ACTIVITY:
In the listing, locate the line containing "Tan paper; WAR", then quote it and all following lines exactly. Omit pictures.

SUPPLIED MATERIAL:
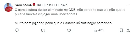 “O cara acabou de ser eliminado na CDB, não acredito que ele não queira pular a barca e vir jogar uma libertadores. Muito bom jogador, pena que o Casares só traz bagre barato”.
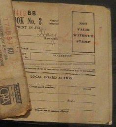 Tan paper; WAR RATION BOOK No. 3; issued to Bessie Pearl Hay; No. 663417BB; includes ration stamps.
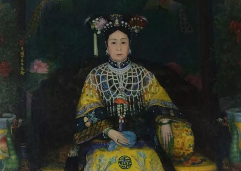 美国女画家柯尔为慈禧太后画的油画 慈禧太后留下了很多珍贵的老照片,遗憾的是均为黑白相片,不能完美的展现出其身上名贵的珠宝,毕竟翡翠色差一点,价差一等呢。从这张写实油画来看,老佛爷手上的一对翡翠手镯和戒指色泽浓艳、呈满绿色,很可能是从同一块原石上抠下来的哦~

OUTPUT OF THE EXERCISE:
 Tan paper; WAR RATION BOOK No. 3; issued to Bessie Pearl Hay; No. 663417BB; includes ration stamps.
 美国女画家柯尔为慈禧太后画的油画 慈禧太后留下了很多珍贵的老照片,遗憾的是均为黑白相片,不能完美的展现出其身上名贵的珠宝,毕竟翡翠色差一点,价差一等呢。从这张写实油画来看,老佛爷手上的一对翡翠手镯和戒指色泽浓艳、呈满绿色,很可能是从同一块原石上抠下来的哦~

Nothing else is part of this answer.